Tuesday, June 26, 2012
Cézanne to Picasso
Cézanne to Picasso: Paintings from the David and Peggy Rockefeller Collection was an intimate installation that highlights a group of nine exceptional early modern European paintings that have been promised over the years to The Museum of Modern Art by David and Peggy Rockefeller. Thematically, the ensemble provided a small survey of portraiture, landscape, and still-life painting during the early period of modern art. Featuring superb examples of Post-Impressionist, Fauvist, and Cubist painting, ranging from Paul Cézanne’s Still Life with Fruit Dish (1879–80) to Pablo Picasso’s The Reservoir, Horta de Ebro (summer 1909), this presentation of the early flowering of modern art celebrated the Rockefellers’ longstanding generosity to the Museum. Cézanne to Picasso: Paintings from the David and Peggy Rockefeller Collection is organized by Ann Temkin, Marie-Josée and Henry Kravis Chief Curator, Department of Painting and Sculpture, The Museum of Modern Art, and was on view in The Mercedes T. and Sid R. Bass Gallery on the fifth floor from July 17 to August 31, 2009.

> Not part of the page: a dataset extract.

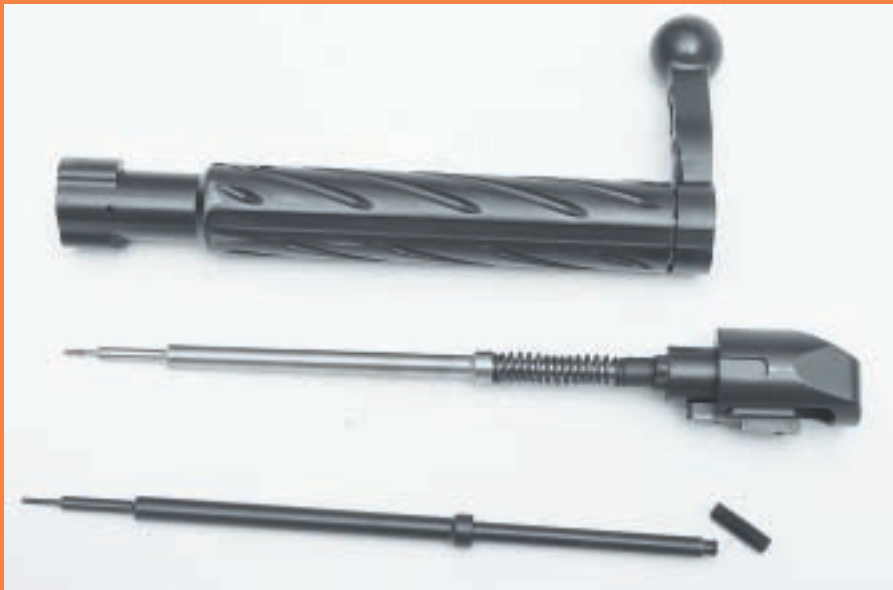
Для облегчения затвор SR-20 имеет отверстия в рукоятке и глубокие винтовые долы на стебле, которые также служат для сбора пыли с целью исключения затирания при повороте затвора. Интересно, что при демонстрационной стрельбе из новой винтовки ударник «прожил» всего 5 выстрелов

Mr. Rockefeller’s association with MoMA began in his childhood when he often visited the galleries with his mother, Abby Aldrich Rockefeller, who, along with Miss Lillie P. Bliss and Mrs. Cornelius J. Sullivan, founded the Museum in 1929. He has served the Museum with great distinction in many capacities, including two terms as Chairman of the Board of Trustees and in his present position as Honorary Chairman.

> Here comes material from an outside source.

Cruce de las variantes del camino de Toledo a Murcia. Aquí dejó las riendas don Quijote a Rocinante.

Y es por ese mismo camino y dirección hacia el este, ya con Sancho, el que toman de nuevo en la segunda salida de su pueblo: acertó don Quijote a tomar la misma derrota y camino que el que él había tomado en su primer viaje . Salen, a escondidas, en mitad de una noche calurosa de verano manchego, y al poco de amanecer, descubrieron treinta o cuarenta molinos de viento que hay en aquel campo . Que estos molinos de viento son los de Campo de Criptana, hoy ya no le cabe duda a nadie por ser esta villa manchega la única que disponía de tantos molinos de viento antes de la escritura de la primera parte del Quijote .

The installation began with four works associated with Post-Impressionism: Cézanne’s Still Life with Fruit Dish
and Boy in a Red Vest (1888-90),
Paul Gauguin’s Portrait of Jacob Meyer de Haan (1889),
and Paul Signac’s Opus 217. Against the Enamel of a Background Rhythmic with Beats and Angles, Tones, and Tints, Portrait of M. Félix Fénéon in 1890 (1890).
Fauvist works by Henri Matisse and André Derain feature the radical color palette that the artists developed together in the summer of 1905 in Collioure, France.
In Interior with a Young Girl (Girl Reading) (1905–06), Matisse painted his daughter Marguerite in nearly as many colors as the fruit on the table beside her.
In Charing Cross Bridge (1906 or 1907), Derain ignores the customary gray of the London sky, rendering it instead with imaginative colors.
These two works are followed by Georges Braque’s The Large Trees, L’Estaque (1906-07) and Raoul Dufy’s The 14th of July at Le Havre (1907).
The installation concluded with Picasso’s cubist landscape The Reservoir, Horta de Ebro.